FARM Safety Week is hardly a celebration; it is more of an urgent, annual warning to everyone on the land about our state – and our country’s – ability to significantly reduce accidents and the death toll on farms.
This year – the week began on Monday and runs to Sunday – the figures have showed a declining death rate for the second year running.
This is a fantastic step forward, but from a very poor position.
New national agricultural health and safety statistics for 2021 reveal a reduction in on-farm deaths for the second year running. New data shows they have decreased from 58 in 2020, to 46 in 2021 – with tractors now the leading cause of harm, overtaking quad bikes.
But as promising as those statistics are, behind them there is a tragic, seldom seen story.
Children who live on NSW farms are at greater risk of injury and death than their parents or other farm workers.
Sadly, the under-16 age group is one of the most vulnerable to work-related farm accidents in NSW. Children visiting our farms account for 20 per cent of all child deaths on farms and across the board, children account for almost one in five deaths on-farm.
Children learn by imitation.

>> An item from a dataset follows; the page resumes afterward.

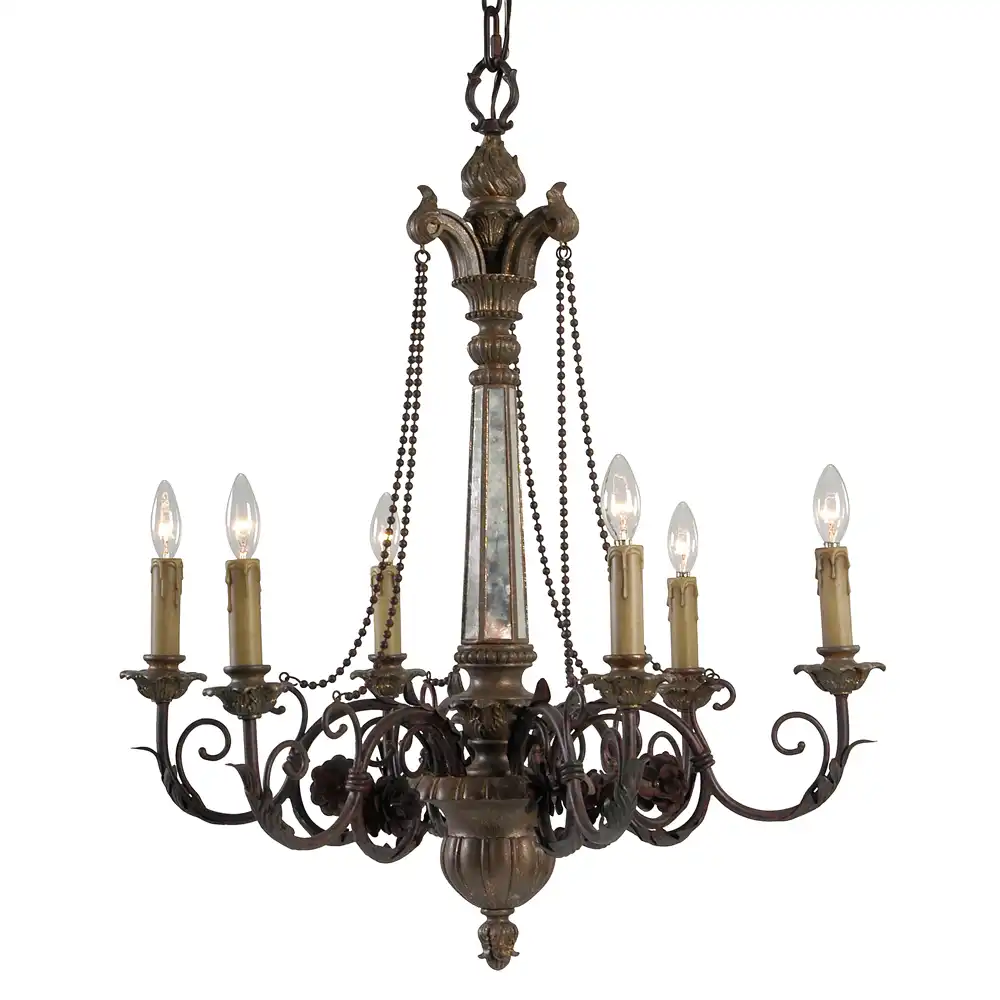 This charming 6-light fixture is designed with a magnificent central column, from which six gracefully curved arms extend outwards. Each arm supports a light holder, designed to present a classic candle-style bulb, complete with a decorative “wax drip” sleeve, for an authentic historical ambiance. Fine metal chains draped between the upper decorative elements and the light arms add another layer of intricate detail and texture. The metalwork throughout the fixture is adorned with subtle floral and leaf motifs, further enhancing its handcrafted and organic appeal.

If you practice and value farm safety, so will your child.
The theme for this year safety week is ‘Recipe for Averting Disaster’ and it will focus on a number of intangible risks and hazards such as fatigue, complacency, the blurred line between home and work environment, labour shortages and the ageing workforce, wellbeing and many other issues that combine to make Australian farms one of the most dangerous work environments.
I urge everyone connected in any way with farming in NSW to make sure they access the reports from Farmsafe Australia and AgHealth Australia and try to get involved in Farm Safety Week activities in your district – and take the lessons home for family and staff and let’s keep pushing those figures down.